■今月のコラム

『米国同時多発テロに思う日本人の国際感覚』

 記者:当会論説委員長 張替一彰



 ■『米国同時多発テロに思う日本人の国際感覚』


あまりにも衝撃的な事件。誰もが指摘するように、それは映画のヒトコマにしか見えないほど、現実ばなれしたショッキングな映像でした。

しかしながら、自分の会社のNYオフィスが、WTCの目と鼻の先にあり、いつも通勤ルートにしている同僚が命からがら逃げ出した話を聞いたり、前に所属していた会社の人間が行方不明であることを聞くと、他人ごとではなく、巡りあわせが悪ければ、その場に居合わせたことは十分ありえることに気づき、慄然とさせられました。

自分の周りの人間も、NYに転勤していたり、出張にいっている人間が多く、言葉にならないショックを受けているようです。いまだに、安否がわからない数千人の人たちの身内や友人の方々の心労はいかばかりかと思います。



今回の事件が話題に上ることが多いと思いますが、実のところ、その中で日本人の国際感覚のズレを感じました。今回の事件を米国では、"第二のパールハーバー"と評しています。これまで日本人は"りメンバー・パールハーバー"というアメリカ人の感覚を十分に理解できていなかったと思うのです。

というのも、"第二のパールハーバー"という評価に対して、何とも言えない不快感をもつ日本人が多いからです。今回の事件を通して、ある意味でようやくアメリカ人がもつ"パールハーバー"への憎しみの深さが理解できたのかもしれません。

犯人と思われるアラブ人に対して、怒りや憎しみ、不気味さを感じない人はあまりいないと思いますが、"パールハーバー"に関しては、日本人も同じ目でアメリカ人に見られていることになります。この辺の感覚に、日米間には大きなズレがあったと言えます。



そして、もう一つのずれは、アラブ人に対する理解です。アラブ世界では、今回の事件を悲しんでいるのかといえば、実のところ、そうではなく、"溜飲を下げた"、"よくやった"という感覚をもつ人が多いことです。

一般的な日本人からすれば、想像できない感覚で、アラブ人は今回の事件を見ているということです。その根本には、キリスト教文明とイスラム教文明の相克があります。フランシス・フクヤマ「歴史の終わり」、サミュエル・ハンチントン「文明の衝突」という歴史哲学書が話題になったこともありますが、そこでは、共産主義が敗北した後に残ったのは、キリスト教文明とイスラム教文明であり、そこに大いなる最後の文明の覇権争いが起きることを述べています。
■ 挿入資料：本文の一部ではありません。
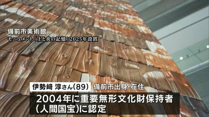 文化功労者に決った伊勢﨑淳さんは備前市生まれの89歳。岡山大学特設美術科を卒業後、備前焼の名工父・陽山さんに弟子入りしました。

しかしながら、政治、経済、軍事、文化といった面において、西洋のキリスト文明は圧倒的な力を誇っており、アラブにはそれに対抗しうるパワーは実際にはありません。オイルマネーでなんとか耐えている状態です。そこで、一部の人間がテロの力を使ってでも、異教徒を排撃にでるわけです。
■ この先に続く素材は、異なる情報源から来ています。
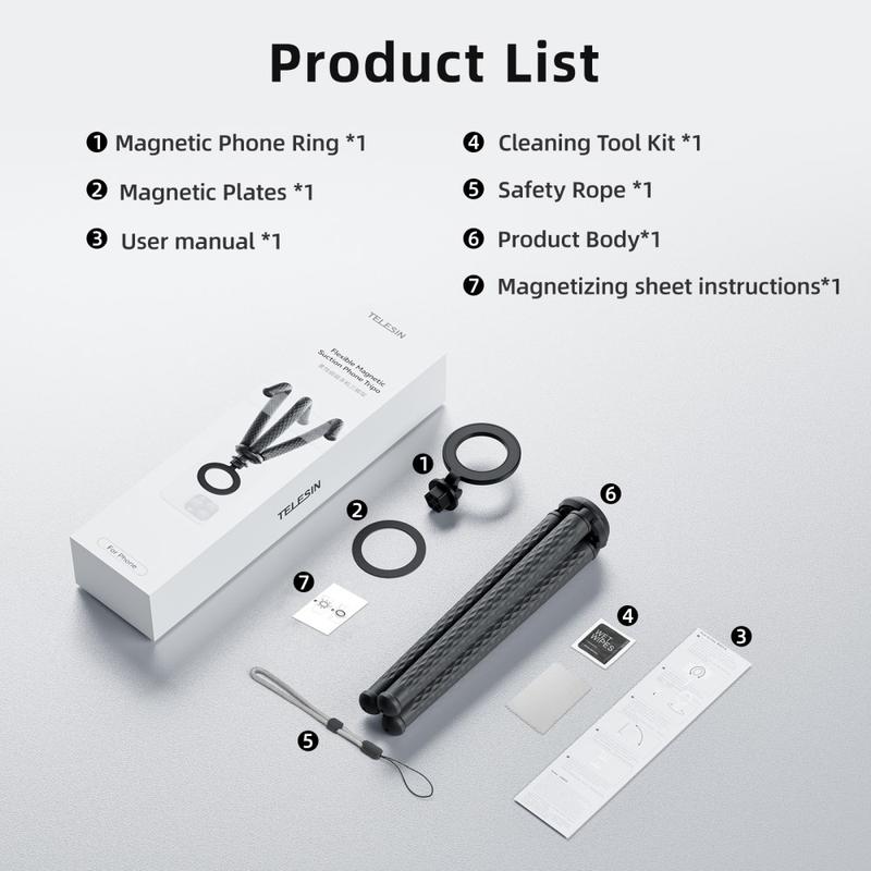 Snap on and shoot anywhere. The TELESIN P3-FM-02 combines a MagSafe-compatible magnetic ring mount with soft, silicone-wrapped aluminum legs you can bend around rails, balance on desks, or level on uneven ground. A friction joint dials in the viewing angle, while the interchangeable 1/4" thread lets you swap in action cams, compact lights, or other accessories in seconds.

イスラム教の伝播力、影響力を考えると、オウム真理教のようなカルト宗教として単純に考えるには無理があります。イスラム文明には、やはり、西洋のキリスト文明に対して、反面教師となりえる真理が含まれているからこそ、あれだけの信者を獲得し、維持できるのだと思います。

今回の事件を通して、アラブ人の西洋に対する嫌悪、あるいは憎悪感の根底にある宗教観を日本人は全く理解できていないとつくづく思います。そして、そのアラブに対する国際感覚の欠如が国民の大多数にあるならば、やがてはアラブ世界を撲滅すべしという短絡的な発想につながり、悲劇の結末を迎えることになります。
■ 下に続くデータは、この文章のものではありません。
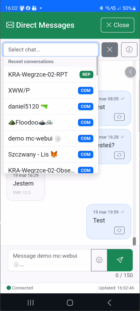 - Direct Messages (DM) - Searchable contact selector, delivery tracking, configurable retry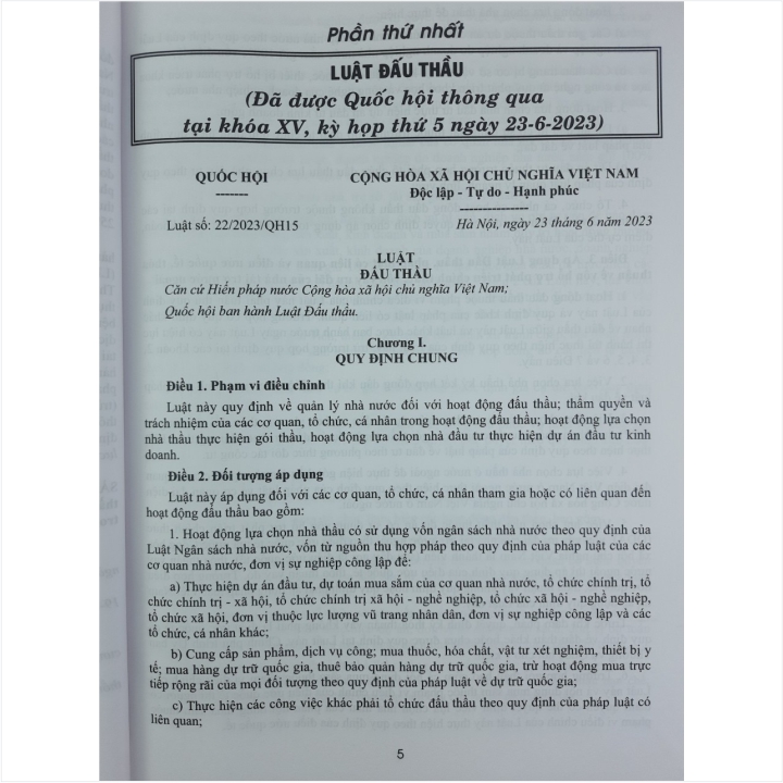 - Toàn bộ sách bìa mềm khổ lớn 20 x 28 cm phân phối bởi Nhà sách Nam Việt đều được bọc sách Plastic MIỄN PHÍ và xuất hóa đơn điện tử đầy đủ, nhanh chóng. …/… Lời giới thiệu: Ngày 23-6-2023 Quốc hội đã thông qua Luật Đấu thầu số 22/2023/QH15. Luật Đấu thầu này có hiệu lực từ ngày 01-01-2024. Dưới đây là một số nội dung đáng chú ý:
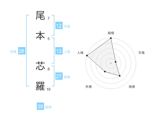 尾本 芯羅さんの総格は39画の5点!

無論、テロを擁護しているわけではありません。アラブ世界に対する理解を深めた上で、テロを非難する姿勢が必要だということです。そうしたバランスの取れた国際感覚をもつ日本人が増えることで、日本が国際舞台でリーダーシップを発揮し、世界の調整役を果たすこともできるようになると思います。

日本は、宗教的文明論でいえば、イスラム教でも、キリスト教にも属さない独立した文明国家です。だからこそ、両文明への深い理解が必要不可欠であり、橋渡しとなれる可能性があるのです。

ただ、今、現在、世界に発信すべき精神的価値観がないクラゲ国家となっているのが大変、残念なことですが…。